#### Supplied information
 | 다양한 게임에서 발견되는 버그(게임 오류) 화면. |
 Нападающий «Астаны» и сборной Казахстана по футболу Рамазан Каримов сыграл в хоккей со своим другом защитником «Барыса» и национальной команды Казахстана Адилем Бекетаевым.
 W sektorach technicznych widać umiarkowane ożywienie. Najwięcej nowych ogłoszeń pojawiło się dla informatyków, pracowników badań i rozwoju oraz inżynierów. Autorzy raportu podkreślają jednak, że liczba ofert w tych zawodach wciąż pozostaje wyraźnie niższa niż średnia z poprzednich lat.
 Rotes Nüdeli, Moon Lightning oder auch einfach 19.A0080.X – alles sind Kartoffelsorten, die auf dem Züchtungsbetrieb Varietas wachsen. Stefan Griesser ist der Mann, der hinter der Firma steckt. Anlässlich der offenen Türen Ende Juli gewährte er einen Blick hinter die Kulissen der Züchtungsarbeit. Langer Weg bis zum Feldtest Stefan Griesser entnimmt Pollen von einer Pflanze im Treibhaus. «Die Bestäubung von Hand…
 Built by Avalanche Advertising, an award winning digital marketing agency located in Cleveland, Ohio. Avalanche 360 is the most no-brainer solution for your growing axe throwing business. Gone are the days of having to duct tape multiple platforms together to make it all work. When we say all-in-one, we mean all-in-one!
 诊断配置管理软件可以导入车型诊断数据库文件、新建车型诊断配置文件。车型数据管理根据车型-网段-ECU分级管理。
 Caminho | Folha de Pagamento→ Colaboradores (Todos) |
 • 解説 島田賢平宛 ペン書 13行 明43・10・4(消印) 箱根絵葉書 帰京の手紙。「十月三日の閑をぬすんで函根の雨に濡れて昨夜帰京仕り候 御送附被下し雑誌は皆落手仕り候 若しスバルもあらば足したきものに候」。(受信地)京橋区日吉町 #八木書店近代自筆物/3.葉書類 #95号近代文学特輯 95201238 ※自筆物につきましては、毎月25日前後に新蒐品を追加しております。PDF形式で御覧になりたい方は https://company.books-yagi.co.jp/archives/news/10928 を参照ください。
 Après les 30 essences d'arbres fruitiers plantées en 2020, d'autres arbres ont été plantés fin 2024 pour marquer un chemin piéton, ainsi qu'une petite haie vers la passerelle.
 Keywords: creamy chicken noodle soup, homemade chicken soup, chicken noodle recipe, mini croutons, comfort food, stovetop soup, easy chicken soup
########
▶ [Try it]:
Copy out the full listing above. Keep every word as it is.

▶ [Finished exercise]:
 | 다양한 게임에서 발견되는 버그(게임 오류) 화면. |
 Нападающий «Астаны» и сборной Казахстана по футболу Рамазан Каримов сыграл в хоккей со своим другом защитником «Барыса» и национальной команды Казахстана Адилем Бекетаевым.
 W sektorach technicznych widać umiarkowane ożywienie. Najwięcej nowych ogłoszeń pojawiło się dla informatyków, pracowników badań i rozwoju oraz inżynierów. Autorzy raportu podkreślają jednak, że liczba ofert w tych zawodach wciąż pozostaje wyraźnie niższa niż średnia z poprzednich lat.
 Rotes Nüdeli, Moon Lightning oder auch einfach 19.A0080.X – alles sind Kartoffelsorten, die auf dem Züchtungsbetrieb Varietas wachsen. Stefan Griesser ist der Mann, der hinter der Firma steckt. Anlässlich der offenen Türen Ende Juli gewährte er einen Blick hinter die Kulissen der Züchtungsarbeit. Langer Weg bis zum Feldtest Stefan Griesser entnimmt Pollen von einer Pflanze im Treibhaus. «Die Bestäubung von Hand…
 Built by Avalanche Advertising, an award winning digital marketing agency located in Cleveland, Ohio. Avalanche 360 is the most no-brainer solution for your growing axe throwing business. Gone are the days of having to duct tape multiple platforms together to make it all work. When we say all-in-one, we mean all-in-one!
 诊断配置管理软件可以导入车型诊断数据库文件、新建车型诊断配置文件。车型数据管理根据车型-网段-ECU分级管理。
 Caminho | Folha de Pagamento→ Colaboradores (Todos) |
 • 解説 島田賢平宛 ペン書 13行 明43・10・4(消印) 箱根絵葉書 帰京の手紙。「十月三日の閑をぬすんで函根の雨に濡れて昨夜帰京仕り候 御送附被下し雑誌は皆落手仕り候 若しスバルもあらば足したきものに候」。(受信地)京橋区日吉町 #八木書店近代自筆物/3.葉書類 #95号近代文学特輯 95201238 ※自筆物につきましては、毎月25日前後に新蒐品を追加しております。PDF形式で御覧になりたい方は https://company.books-yagi.co.jp/archives/news/10928 を参照ください。
 Après les 30 essences d'arbres fruitiers plantées en 2020, d'autres arbres ont été plantés fin 2024 pour marquer un chemin piéton, ainsi qu'une petite haie vers la passerelle.
 Keywords: creamy chicken noodle soup, homemade chicken soup, chicken noodle recipe, mini croutons, comfort food, stovetop soup, easy chicken soup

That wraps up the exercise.